» **Task item**: Using the data that follows, give again word for word the lines between the one holding "煤直接液化,將煤在氫氣和催化" and the one holding "jemné porcelánové visací", inclusive. Omit the pictures.

[[ Listed records open ]]

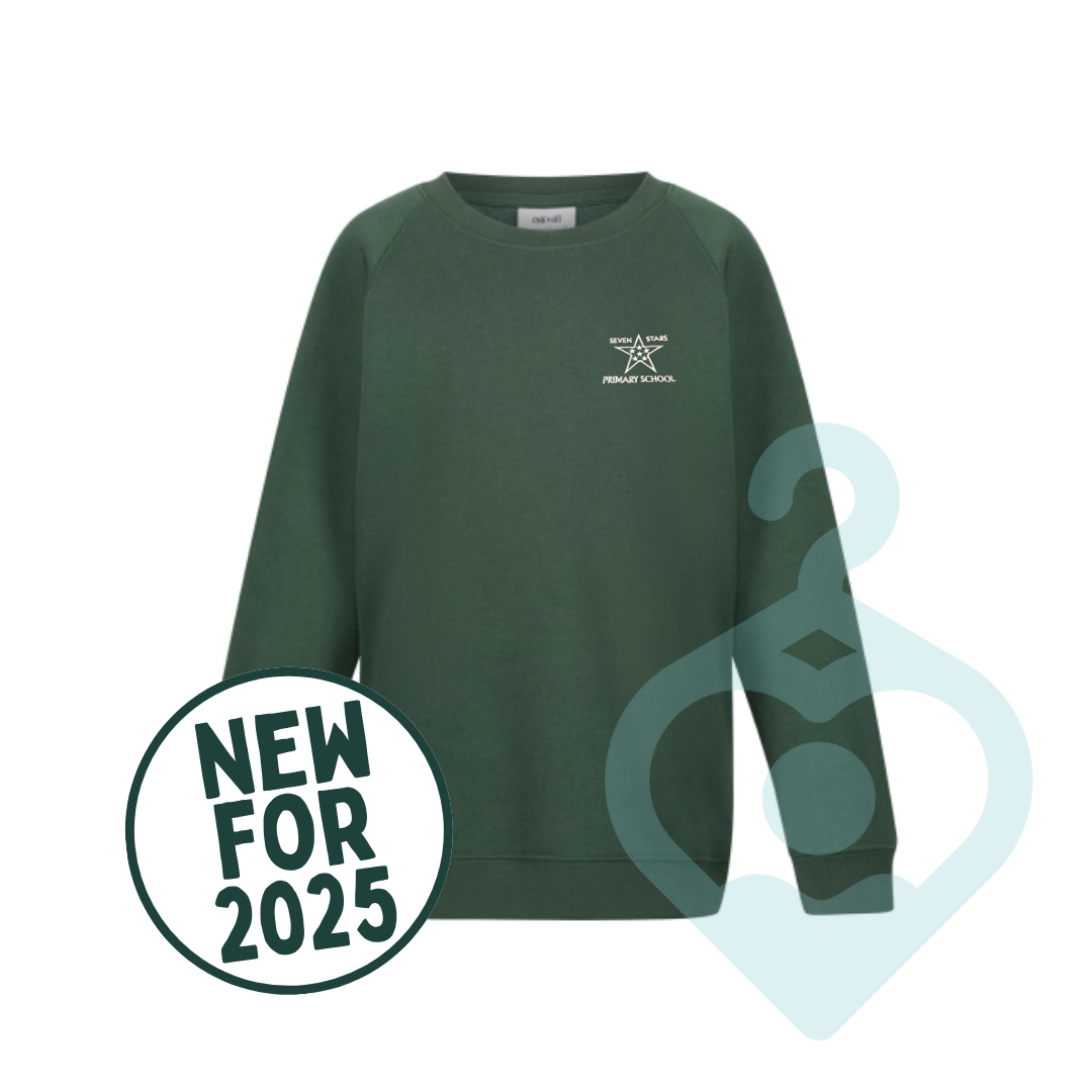A green crewneck sweatshirt for Seven Stars Primary School with an embroidered school logo.
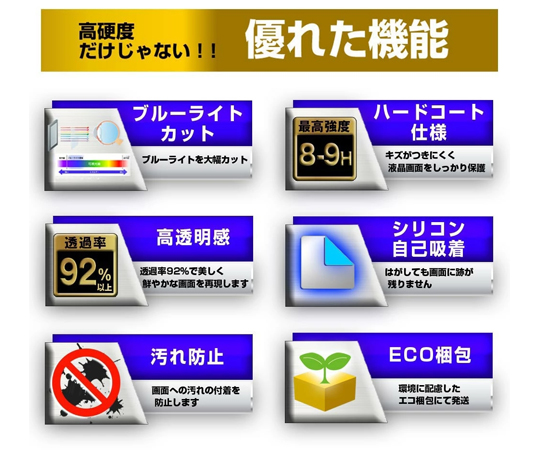 ●ガラス同等の表面硬度(8~9H)でキズがつきにくく、画面を美しく保ちます。
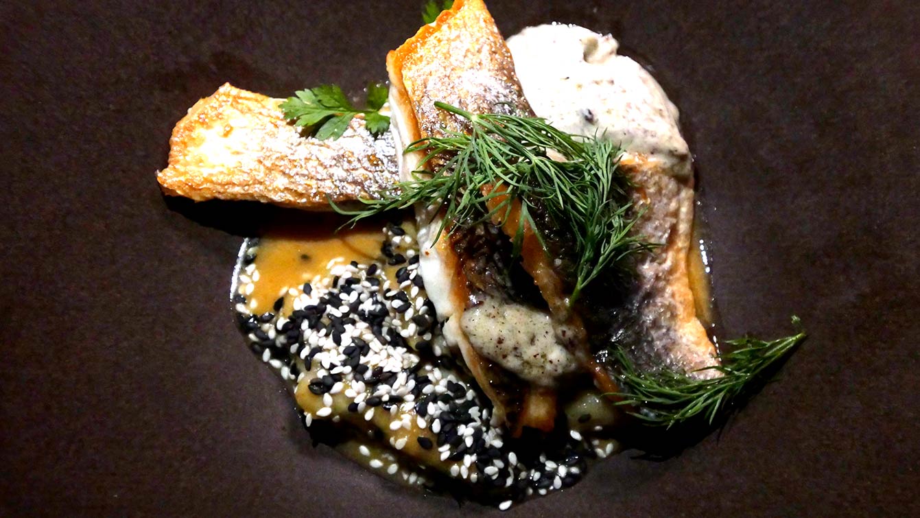 En entrée, nous avons été charmés par « Comme un poireau vinaigrette ». C’est toujours enthousiasmant de se laisser surprendre par un ingrédient simple et commun comme le poireau, qui peut être étonnamment sublimé par une cuisine de talent. Le contraste entre le fondant du poireau et le croquant des éclat d’amandes est très séduisant.
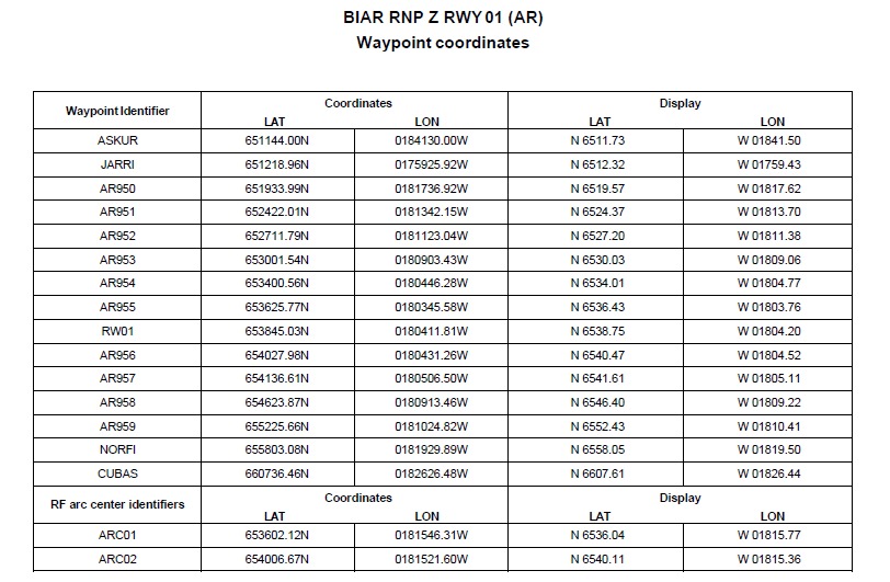 2.1 RNP Z RWY 01 (AR) kort, kóðunar- og leiðarpunktatafla
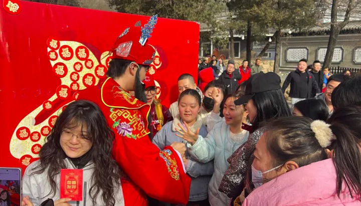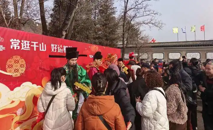 景区还精心准备了财神NPC互动、莲花仙子巡游、秧歌表演等活动,游客们争相和“财神爷”互动打卡合影,讨个新年好彩头,整个景区洋溢着喜庆欢腾的节日氛围。
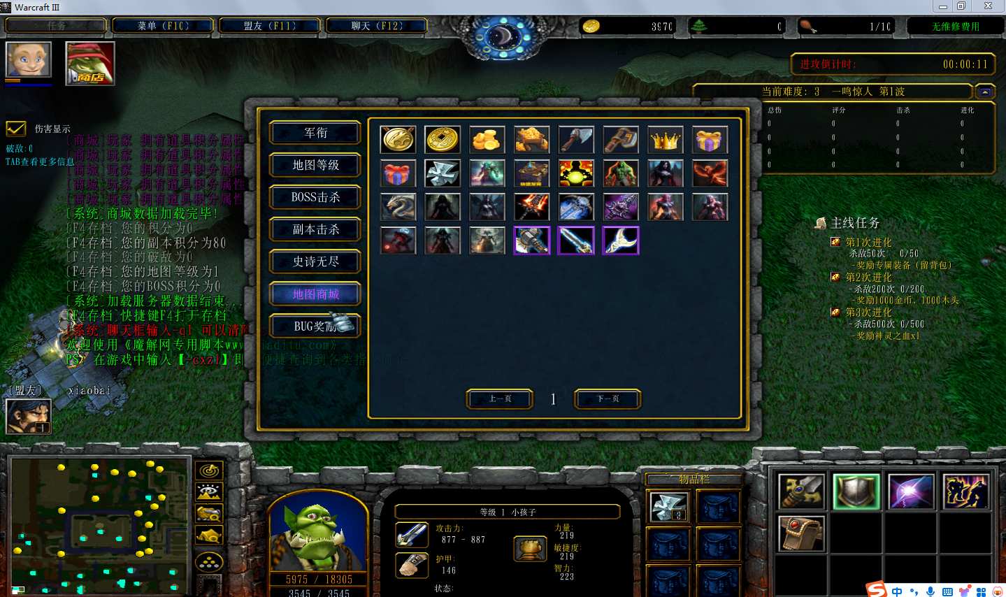 地图名字:男人无限进化3 1.0.16地图下载+全商城特权+全存档+隐藏英雄+无CD+指令功能
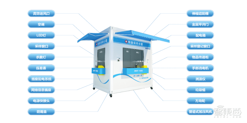 这种核酸采样亭不仅是一个移动空间,还是一个集成了空气调控系统、视频监控、网络设备、身份识别门禁、扩音器等多种设备的站点,提供智能化服务。
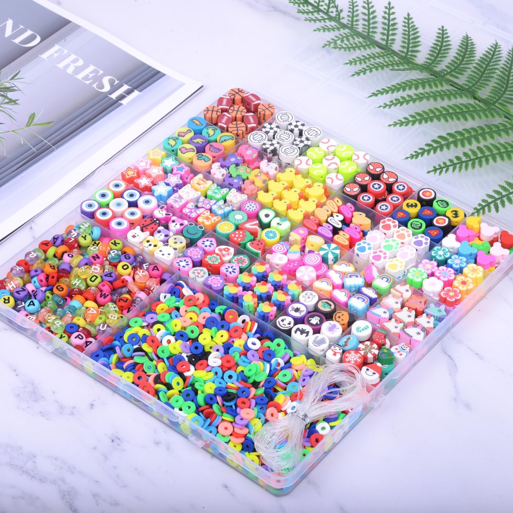 Store New Arrivals Add to Favorite View Feedback Contact Fast deliveries to the customer's home Quality customer service John Make the customers happy! 2480Pcs Polymer Clay Beads Charms for Bracelets Making Kit Cute Fun Charms Beads Friendship Bracelet Making DIY Arts Crafts Birthday Gifts Toys for Kids Girls Age 6-13 Description [ Large Quantity ]: Total about 2480pcs, include polymer clay beads in 24 different styles.Colorful flat clay beads,Colorful letter beads, Transparent colored letter beads,1roll 5m elastic string. [ Suitable Size ]: The polymer clay beads are about 10mm with 2mm hole. The flat clay beads are about 6mm with 2mm hole, and letter beads are about 4*7mm with 1mm hole. All beads are separately stored in a 26 grid plastic box, which is very convenient to store and carry. [Wide Application]: Perfect for Beading, Jewelry Making, keychain, earring, necklace making supplies, phone lanyard wrist, pendants, waist beads kit, hairpin or hair braids, fashionable shoes decor and party decoration. [ Premium Materials ]: Made of high quality clay materials, The color will not fade easily and can be bright for a long time. [ Great For Gift ]:These polymer clay beading kit can be used as a holiday gift, birthday gift, friend gift and so on. There is nothing better than making jewelry as a gift by yourself. Not for children under 3 yrs:Toy contains a small ball. Not for children under 3 yrs. To be used under the direct supervision of an adult Product Description Item model number KK001 Item dimensions L x W x H 7 x 7 x 0.5 inches Age Range (Description) Teen Color A1#Clay Beads Included Components Polymer Clay Beads,Colorful Flat Clay Beads,Colorful Letter Beads,Transparent Colored Letter Beads,Roll,Elastic String Material Clay Country of Origin China Style Modern Item Weight 9.9 ounces Size Small Model Name KK001 Seasons All Seasons Art Craft Kit Type Bracelets Making Kit Special Feature 24 different styles of polymer clay beads Product Dimensions 7 x 7 x 0.5 inches Number of Pieces 2480 ABOUT US We offer the best prices around on high quality products. Our E-store includes media such as books, movies, music and games while offering electronics, toys, sporting apparel, clothing, tools, general home, garden items and more. SHIPPING We are always working hard to ensure your package arrives as soon as possible. Please understand that some factors like weather, high postal traffic, and the performance of shipping companies are outside of our control. We offer free shipping to the lower 48 states and ship within 2 business days of payment, usually sooner. We do not accept P.O. Boxes. Please provide a physical address. For shipping outside of the continental USA, we only use eBay's Global Shipping Program. The item is shipped to KY and then sent to the rest of the world. International customers are responsible for all duties and taxes. Continue to 'check out' to calculate costs for shipping the item to your country. Messages regarding eBay's Global Shipping Program MUST be directed at eBay EXCLUSIVELY. RETURNS We offer a 30-Day Return Policy on items in which you are not completely satisfied with. You have the option of a full-refund or an exchange of the item. No returns are available on items shipped outside of the USA PAYMENT We accept PayPal. CONTACT US This page content is yet to come Please ad us to your favorite seller and visit again later Thank You CUSTOMER SATISFACTION We try our very best to make sure every customer is completely satisfied. If there's a problem, message us! We're happy to help. WE ACCEPT
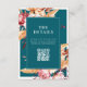 Modern fall wedding enclosure cards with elegant boho fall floral accents of dahlia flowers and autumn botanical leaves, minimalist typography design on teal background. Add your own personalised QR code with custom wedding website url.
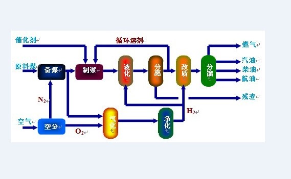 煤直接液化,將煤在氫氣和催化劑作用下通過液化生成粗油,再經加氫精制轉變為汽油、柴油等石油燃料制品的過程,因液化過程主要采用加氫手段,故又稱煤加氫液化法。煤直接液化典型的工藝過程主要包括煤的破碎與干燥、煤漿制備、催化劑制備、氫制取、加氫液化、固液分離、液體產品分餾和精制,液化大規模制備氫氣通常采用煤氣化或者天然氣轉化。
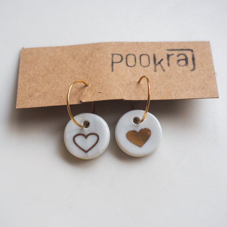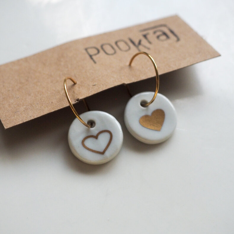 jemné porcelánové visací náušnice s originální zlatou kresbou
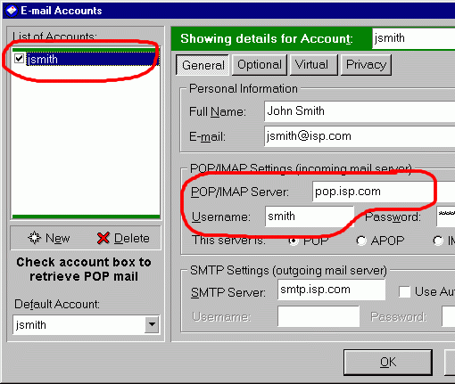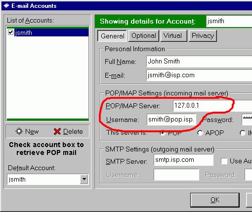 SpamWeasel Support Issues Pocomail configuration 1 Click on Tools | Acounts Setup. ![]() 2 On the screen that appears, select your account from the left-hand pane, and this will show your current settings. ![]() 3 At the end of the "Username" field, type an "@" sign, followed by the contents of the "POP/IMAP Server" field. Next, change the "POP/IMAP Server" field to "127.0.0.1". Click OK to apply the settings. Note: Make sure that the "Use Authentication" box to the right of the SMTP Server field is not checked. ![]() Timeouts You may wish to change the timeout setting in your e-mail client. More information on why this may be required can be found here. To change the timeout settings, click on Tools | Options. ![]() ... Select "Network Settings" from the left-hand side. You can increase the timeout setting here. ![]() |

[[ Listed records closed ]]

» **Answer to this exercise**:
 煤直接液化,將煤在氫氣和催化劑作用下通過液化生成粗油,再經加氫精制轉變為汽油、柴油等石油燃料制品的過程,因液化過程主要采用加氫手段,故又稱煤加氫液化法。煤直接液化典型的工藝過程主要包括煤的破碎與干燥、煤漿制備、催化劑制備、氫制取、加氫液化、固液分離、液體產品分餾和精制,液化大規模制備氫氣通常采用煤氣化或者天然氣轉化。
 jemné porcelánové visací náušnice s originální zlatou kresbou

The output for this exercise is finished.